В одной из атак Конядра застрелил трех лошадей из четырех, запряженных в двухколесную немецкую повозку на резиновом ходу, на которой был установлен пулемет, похожий на небольшое орудие. Пулеметчика и второго номера прикрывали стальные щиты, ездовые сидели на выносных лошадях. Эта повозка была очень кстати, и кавалеристам позволили оставить ее себе. Они всюду брали ее с собой. Лагош перебрался с тачанки на эту немецкую бронированную колесницу, а двое русских ребят стали как бы форейторами.
Больше, всех этому трофею радовался Голубирек. Он всем рассказывал о нем и устраивал Лагошу учения. Книжек потребовал повозку для личной своей охраны, но Сыхра отказался отдать ее.
— Кавалеристы должны отомстить казакам за последнюю подлость, товарищ Книжек. Не забывай, как они заманили наших в лощину, десять наших осталось там!
Норберт Книжек сердито махнул рукой:
— Голубирек — человек несдержанный и когда-нибудь дорого заплатит за это!
Больше он о бронированной повозке не говорил.
С этим конным «броневичком» кавалеристы совершали далекие рейды в тыл белых. Матей Конядра придумал, как его использовать. Он строил отряд журавлиным клином, а в центре, скрытый от глаз противника, скакал «бропевичок». Монгольские лошади бежали по-степи, как по ровной мостовой. Налетая на превосходящие силы казаков, красные конники расходились в обе стороны, давая «боевой колеснице» простор для маневрирования. Лагош сдвигал папаху на затылок, прищуривал глаз и открывал убийственный огонь. Молва об этом «красном отряде смерти» разнеслась по казацким лагерям. Стоило казакам увидеть белую папаху и светлую бородку Конядры, как они предпочитали уклониться от схватки. Порой с ними выезжал и Бартак, тогда Конядра держал своего пегого монгольца рядом с киргизом Войты. Шама, Петник, Ганза, Ганоусек скакали за ними, и казалось им, так и будет всегда. Они были последними из тех, кто несколько месяцев назад составил кавалерийский взвод второго Чехословацкого полка.

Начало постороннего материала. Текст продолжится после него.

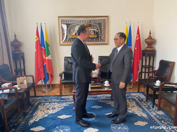 1月10日下午,应缅甸联邦共和国新任驻华大使吴丁貌瑞(TIN MAUNG SWE)先生邀请,必威betway中文网页(以下简称中国民贸)副会长高福一行到访缅甸驻华大使馆。双方围绕加强缅甸农产品进出口、中缅电影产业合作、建设中缅经济特区、全面加强中缅两国投资贸易及旅游业合作进行了深入交流,达成多项合作共识。
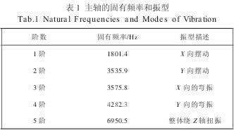 主轴在理论上是可以求出无穷多阶的频率,但是对于实际的加工过程而言,只有最低的几阶固有频率才有可能和实际外界的激励频率相接近。ANYSYS Workbench 的模态分析结果,如表 1所示。
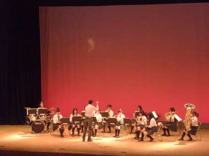 吹奏楽部の演奏で始まり、生徒会文化委員長の開会宣言、学校長挨拶、生徒会長挨拶に続き2年4組「キーチーとチョコレート工場」、2年9組の「日吉本新喜劇」の発表がありました。
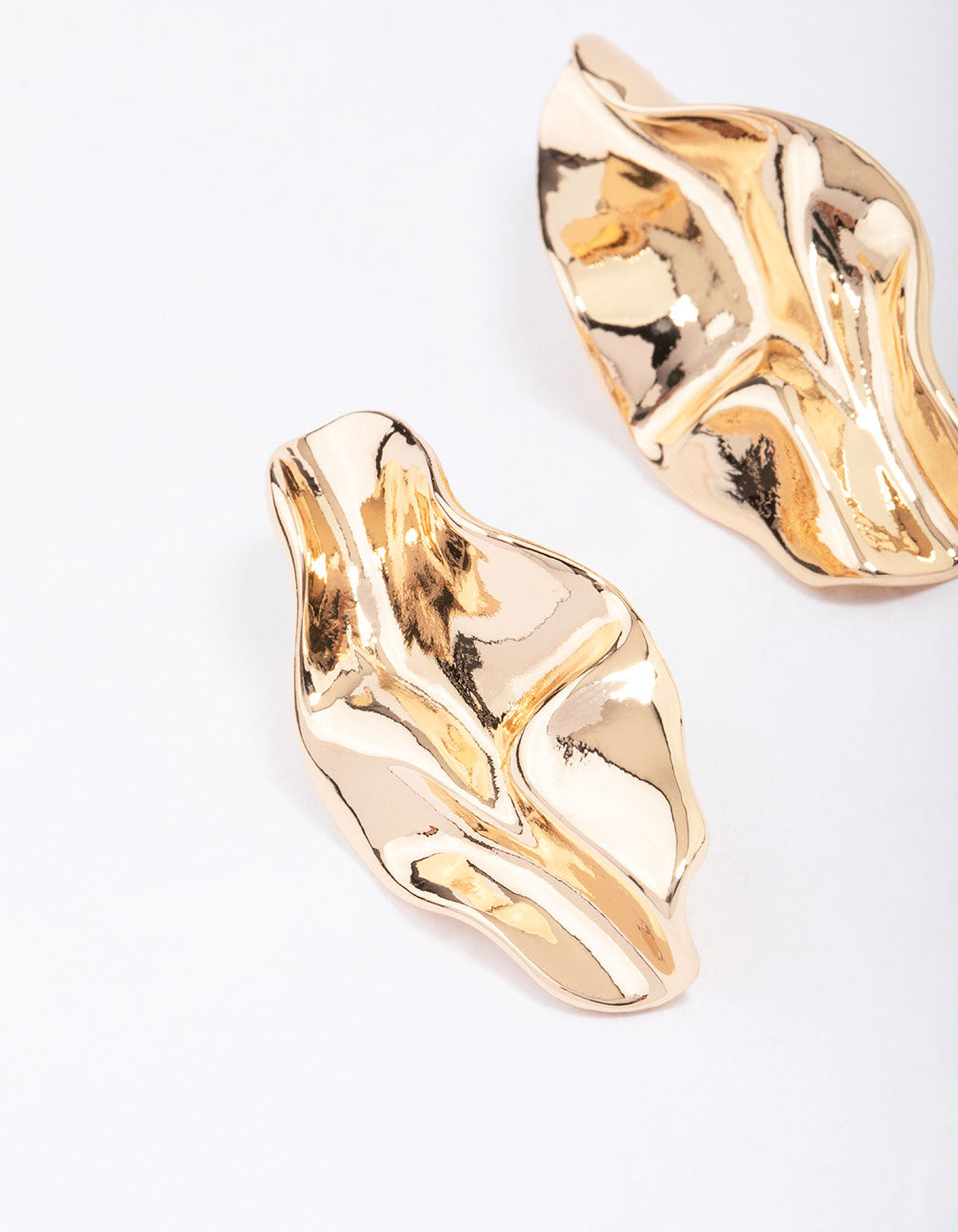 For a modern addition to your stack, style these gold-toned statement studs. These unique stud earrings feature an organic-shaped, oval design and molten texture. Perfect for adding dimension to your stack!
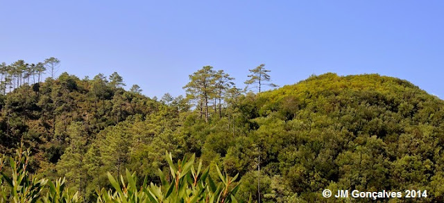 prosseguindo, mais à frente, após estas. Também a estrada florestal coincidente

Время шло, дни становились все холоднее. Небо сверкало голубизной, открывая далекие горизонты. Конядра вышел из барака, запрокинул голову. Какое теперь небо у нас дома? Узнает ли меня сын, когда я вернусь?.. Вскоре вслед за ним вышел во двор и Шама. С удивлением увидел, как Конядра подставляет свое бородатое лицо легким снежинкам, которые вдруг посыпали с этого голубого неба, похожие на легкий белый пух.
— Матей, Петник приехал, — позвал Шама Конядру. — После обеда нам отправляться в эту окаянную «Диканьку» около рощи акаций. Говорят, ночью ее заняли казаки. Только сначала зайди к Сыхре.
Матей будто устыдился чего-то. Сжав губы, он молча вышел со двора и направился к кирпичному домику, где жили батальонные командиры. Шашка Матея колотилась о голенище, шпоры на сапогах тонко звенели. В кого-то пойдет мой сынок — в меня или в мать? Ее я никогда не увижу больше…
Сыхра ждал его. Пододвинул к Матею рюмку водки, свернул ему из махорки цигарку и сказал:
— Исидоровичу язык нужен. Добудь его хоть из пекла, а приведешь двоих-троих — тем лучше. Ребят возьми, сколько требуется, но языки нужны живые. — Батальонный усмехнулся. — Пистолет лучше и в руки не бери.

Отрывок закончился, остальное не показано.